Everybody Dies But Not Everybody Lives- Explained

Everybody dies but not everybody lives:

This is a phrase I often use and has become a normal expression for me that I have never really explained to people I have said it too. Some people understand it but it goes over most people's head- Yes, not everybody cares about what it means: Nor do I want to make them care, we all live our own ways, this phrase makes things clearer for me and so I use it.

Life, plants have life but are they really living? To live one must experience things and learn from them. Living can perhaps be described as fulfilling a purpose on this planet- personally I don't know what mine is and nor do I think I will find it, as an old Chinese friend used to say to insult me:

So high knowledge! You never understand- No point!

Yes, this was a joke on his part in his limited knowledge of English language but I have come to like it and strive to prove him wrong.

Going through a series of events predetermined by society is not living in my books. I can make a computer do the same things:

I just completed my degree and feel like I haven't learnt much from it. I may know a little more academically but I simply have a better ability to regurgitate information developed by others. Great. One benefit however is that I learnt just how little I do know and will ever know. Perhaps writing will enable me to give a little bit of my life experience to others and contribute to the world that way- no matter how useless my experiences may be!

This for me is not living- nor do I know what truly is, however, I do know that it is something I want to find out. Perhaps doing this trip will help me find this.

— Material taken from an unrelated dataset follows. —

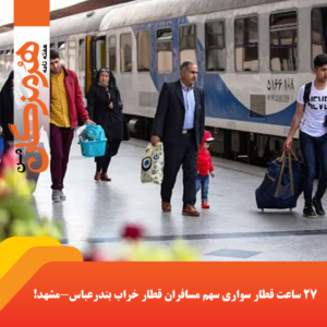 به گزارش هرمزگان، از قطار مسافربری بندرعباس مشهد که روز گذشته ساعت ۱۵:۵۵، بندرعباس را به مقصد مشهد ترک کرده بود و در راه حوالی ساعت ۱۷:۴۰ خراب شد، خبر می رسد که پس از ۲۷ ساعت به مقصد رسید.

"Life is like a book, each place is only a page in the book- without travel one cannot read the rest"- Helen Keller (Very poorly quoted, Can't remember where I actually saw that quote)


 




Saturday, July 13, 2013

Everybody Dies But Not Everybody Lives

The title of this is a contradiction of what it's really all about:

 1. I do not believe that I will ever find fulfillment in life: I wont comment on the rest of humanity- such things are on the previous blog and will stay there- I find that I am imperfect and always want to experience new things- the more I learn about the world and myself the more I realise that I do not actually know much and want to learn more.

 2. There is a plan, although it is very vague- Get a motorcycle and travel to South Africa overland.

 3. See more of the world and broaden my horizons. I thought that settling down in one place would have stabilised my life both mentally and emotionally. The emotional part has been repaired but the mental part is far from it.

Once again I feel like I am deteriorating as a person- perhaps stagnating is a better word- people skills have deteriorated, English language skills have gone to a far away place, which is ironic since I'm living in the UK at the moment.

One of the reasons I have not done anything for so long is my job- I love it, but due to circumstances changing at work, when the impending day arrives, rather than moving work locations; it's the perfect time to take a break from the standard life!

Itchy feet are getting unbearably so- time to scratch them!